Thank you! gvim is slick. As you wrote, it has lots of help and it will be easy to learn how to use vi, by learning on gvim. Better than holding a cheat sheet or having a book open, trying to figure out what to do, when learning.
Lanny Marcus wrote:
I downloaded the .pdf version of "Thinking in C++" and I've begun to read that and I did yum groupinstall 'Development Tools' I'm a Newbie Desktop user, jumping into the deep end of the pool. Should I try to learn vi (Vim) (which obviously will help me, if I ever need to administer a remote box) or install Emacs or something else, for the gcc editor? An easy learning curve is strongly preferred, but, I am 100% aware of the advantages of vi. Recommendations? TIA! _______________________________________________ CentOS mailing list CentOS@centos.org http://lists.centos.org/mailman/listinfo/centos
Hi,
I suggest to install Eclipse and CDT plugin and you get a full IDE
BR
Vaclav
On Sun, Aug 10, 2008 at 9:07 PM, Vaclav Mocek little.owl@email.cz wrote:
Lanny Marcus wrote:
I downloaded the .pdf version of "Thinking in C++" and I've begun to read that and I did yum groupinstall 'Development Tools' I'm a Newbie Desktop user, jumping into the deep end of the pool. Should I try to learn vi (Vim) (which obviously will help me, if I ever need to administer a remote box) or install Emacs or something else, for the gcc editor? An easy learning curve is strongly preferred, but, I am 100% aware of the advantages of vi. Recommendations? TIA!
<snip>
I suggest to install Eclipse and CDT plugin and you get a full IDE http://www.eclipse.org/cdt/
I will look at Eclipse, but one of my goals is to be able to fix problems on a remote box and that will probably require vi.

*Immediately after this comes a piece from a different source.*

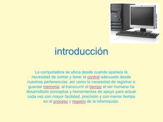 Este documento describe la evolución de las computadoras desde su origen hasta la actualidad. Explica que las computadoras se desarrollaron para contar y registrar información de manera más precisa y rápida. Actualmente, las computadoras digitales pueden realizar miles de millones de operaciones por segundo al verificar múltiples interruptores simultáneamente. El documento también señala que las tendencias futuras incluyen la miniaturización de circuitos y el desarrollo de computadoras paralelas y moleculares.

on 8-11-2008 9:06 AM Lanny Marcus spake the following:
On Sun, Aug 10, 2008 at 9:07 PM, Vaclav Mocek little.owl-PkL3B3/Gfv0@public.gmane.org wrote:
Lanny Marcus wrote:
I downloaded the .pdf version of "Thinking in C++" and I've begun to read that and I did yum groupinstall 'Development Tools' I'm a Newbie Desktop user, jumping into the deep end of the pool. Should I try to learn vi (Vim) (which obviously will help me, if I ever need to administer a remote box) or install Emacs or something else, for the gcc editor? An easy learning curve is strongly preferred, but, I am 100% aware of the advantages of vi. Recommendations? TIA!
<snip>
I suggest to install Eclipse and CDT plugin and you get a full IDE http://www.eclipse.org/cdt/
I will look at Eclipse, but one of my goals is to be able to fix problems on a remote box and that will probably require vi.

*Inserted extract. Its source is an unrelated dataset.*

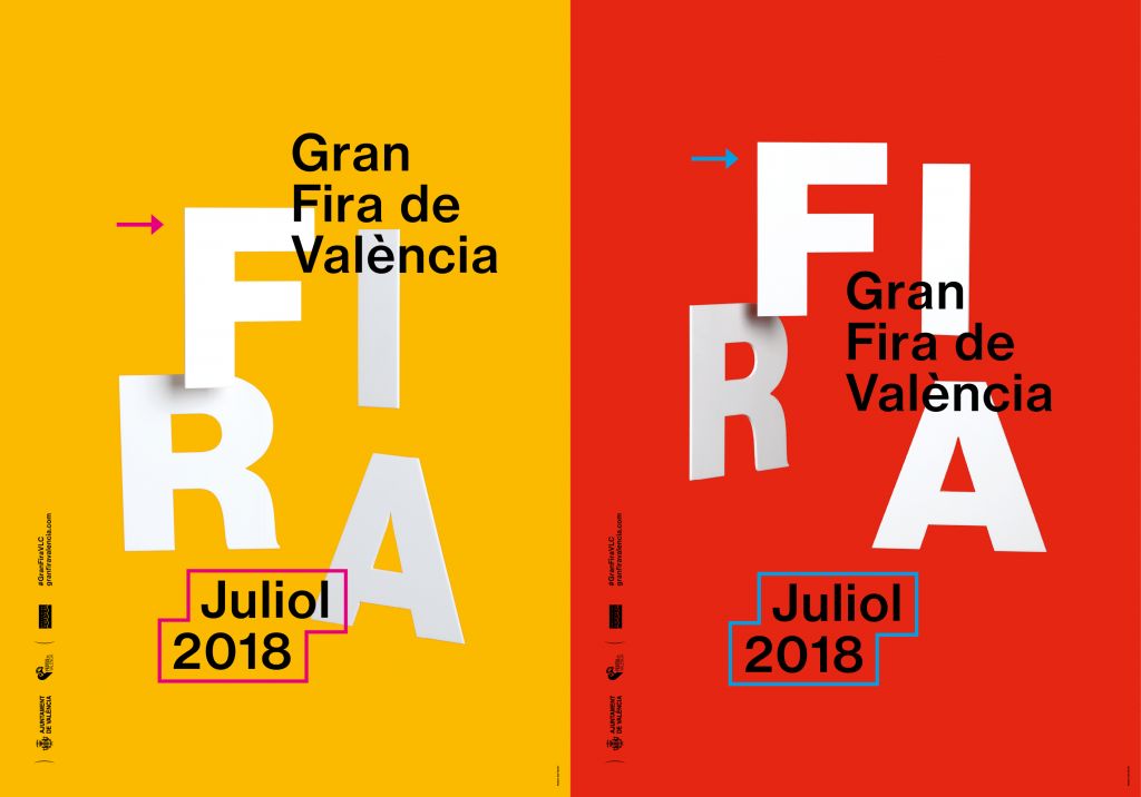 El trabajo de Ibán Ramón para la Gran Feria de Valencia de 2018 tiene como características principales el colorido y el uso de los elementos tipográficos como imagen. Cuatro variaciones del cartel principal sobre diferentes colores abren paso a todo un universo gráfico en que la comunicación de los diferentes contenidos de la Gran Feria son el principal argumento visual.

Then you shouldn't go wrong, because I have yet to be on a linux box or a bsd box that didn't have some form or emulation of vi installed.
On Mon, Aug 11, 2008 at 1:30 PM, Scott Silva ssilva@sgvwater.com wrote:
on 8-11-2008 9:06 AM Lanny Marcus spake the following:
<snip>
I will look at Eclipse, but one of my goals is to be able to fix problems on a remote box and that will probably require vi.
Then you shouldn't go wrong, because I have yet to be on a linux box or a bsd box that didn't have some form or emulation of vi installed.
vi is everywhere! But, apparently, I need to learn how to use Emacs or another IDE too, so there's another learning curve.
On Mon, Aug 11, 2008 at 5:20 PM, Lanny Marcus lmmailinglists@gmail.com wrote:
vi is everywhere! But, apparently, I need to learn how to use Emacs or another IDE too, so there's another learning curve.
I've been using vi (and vim and gvim) for more than twenty years and I've never "needed" an IDE. They're helpful in some situations, but if you're programming on a UNIX/Linux platform, vi can be enough. There is even a way to get vi to coordinate with some compilers such that you land on the line where a syntax error occurs, but even that wasn't required.
Vi is not the world's best editor, but it is in every single UNIX or Linux system out there, and there are advantages in knowing how to use it. I've used it long enough that I'm just not interested in other editors. As for IDEs, a great deal of what you need one for can often be accomplished just by having several windows open for the various tasks one needs for debugging.
My $0.02, and it's not available for spending on editor wars. :-)
mhr
MHR wrote:
Vi is not the world's best editor
Heh, understatement of the century. It's an awful editor. I wish I could hire the person who came up with the user interface, only to have the satisfaction of having him/her fired five minutes later. With no severance package.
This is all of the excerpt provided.